▶ **Data extract**:
================================

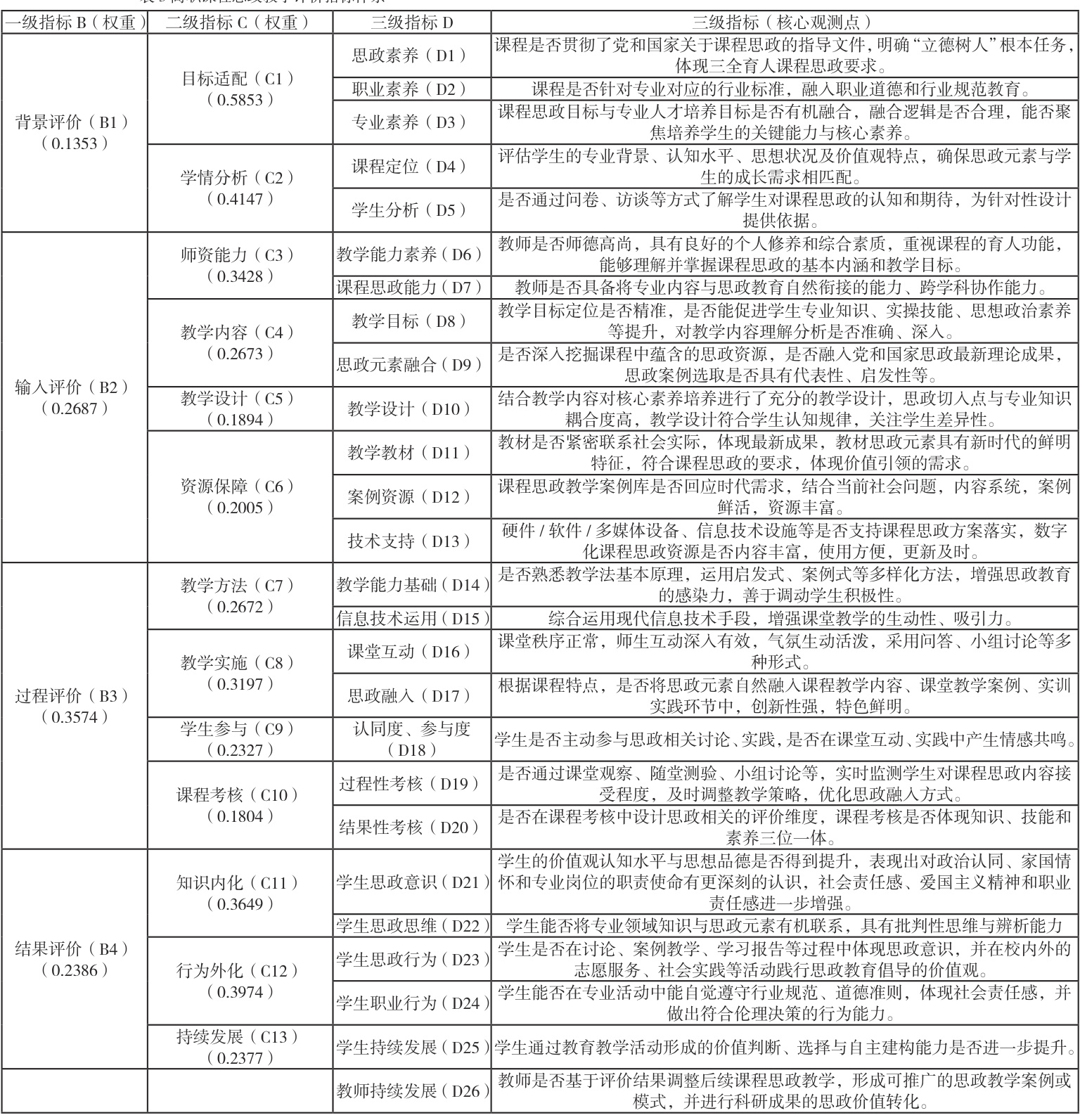 CIPP 评价是由美国教育评价学家 (D.L.Stufflebeam) 提出一种评价模型,由背景评价 (Context Bvaluation)、输入评价 (Imput Evaluation)、过程评价 (ProcessEvaluation)、成果评价 (Product Evaluation) 4 部分组成 [7]。国内学者将 CIPP 模型应用于不同课程的教学评价。佟瑞鹏,王乐瑶,王露露等(2022)[8] 基于CIPP 模型构建安全学科课程思政评价,包括背景基础、资源配置、实施过程、成果效益 4 个一级指标 , 学科定位等 11 个二级指标 , 落实立德树人等 30 个三级指标 , 并计算各级指标权重。胥炜,廖开兰(2024)[9] 基于 CIPP 模式从 4个方面构建高校课程思政评价体系。孙向前,陈美玲等(2025)[10] 基于 CIPP模型的123 所高职院校实证分析,构建高职院校专业课课程思政建设成效评价体系。
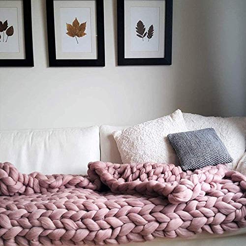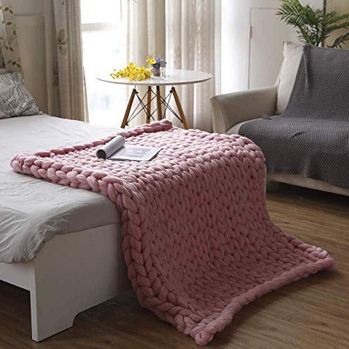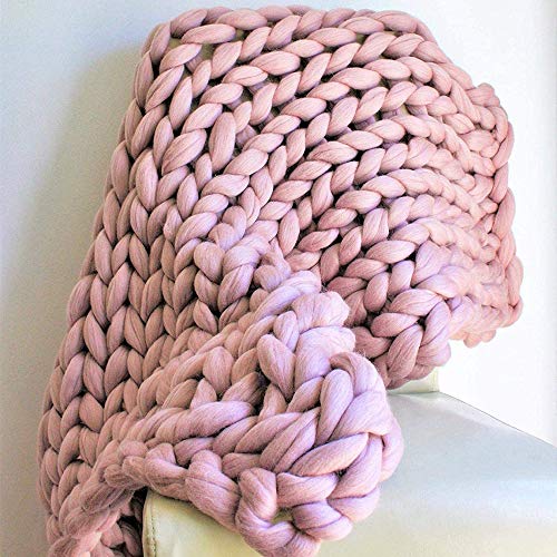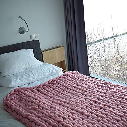 MANG Grob Gestrickte Kuscheldecke Chunky Strickdecke Handgefertigtes Wolldecke Große Häkeldecke Super Große Arm Dekor Geschenk, 180cm * 200cm, Rosa
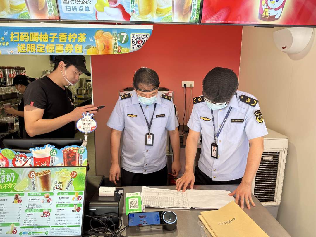 在广州市第六十五中学(桃园校区)周边,执法人员对学校周边200米范围内的餐饮店、小吃摊、便利店和超市进行了拉网式检查,重点检查了尊宝比萨、华莱士、蜜雪冰城等连锁快餐、饮品店,执法人员从营业资质、经营范围、环境卫生、台账记录、从业人员健康管理等方面进行了全面检查,督促校园周边餐饮单位落实食品安全主体责任,确保供餐安全。

================================

▶ **Required action**: Line by line, write out the data above exactly, without the pictures.

▶ **Exercise solution**:
 CIPP 评价是由美国教育评价学家 (D.L.Stufflebeam) 提出一种评价模型,由背景评价 (Context Bvaluation)、输入评价 (Imput Evaluation)、过程评价 (ProcessEvaluation)、成果评价 (Product Evaluation) 4 部分组成 [7]。国内学者将 CIPP 模型应用于不同课程的教学评价。佟瑞鹏,王乐瑶,王露露等(2022)[8] 基于CIPP 模型构建安全学科课程思政评价,包括背景基础、资源配置、实施过程、成果效益 4 个一级指标 , 学科定位等 11 个二级指标 , 落实立德树人等 30 个三级指标 , 并计算各级指标权重。胥炜,廖开兰(2024)[9] 基于 CIPP 模式从 4个方面构建高校课程思政评价体系。孙向前,陈美玲等(2025)[10] 基于 CIPP模型的123 所高职院校实证分析,构建高职院校专业课课程思政建设成效评价体系。
 MANG Grob Gestrickte Kuscheldecke Chunky Strickdecke Handgefertigtes Wolldecke Große Häkeldecke Super Große Arm Dekor Geschenk, 180cm * 200cm, Rosa
 在广州市第六十五中学(桃园校区)周边,执法人员对学校周边200米范围内的餐饮店、小吃摊、便利店和超市进行了拉网式检查,重点检查了尊宝比萨、华莱士、蜜雪冰城等连锁快餐、饮品店,执法人员从营业资质、经营范围、环境卫生、台账记录、从业人员健康管理等方面进行了全面检查,督促校园周边餐饮单位落实食品安全主体责任,确保供餐安全。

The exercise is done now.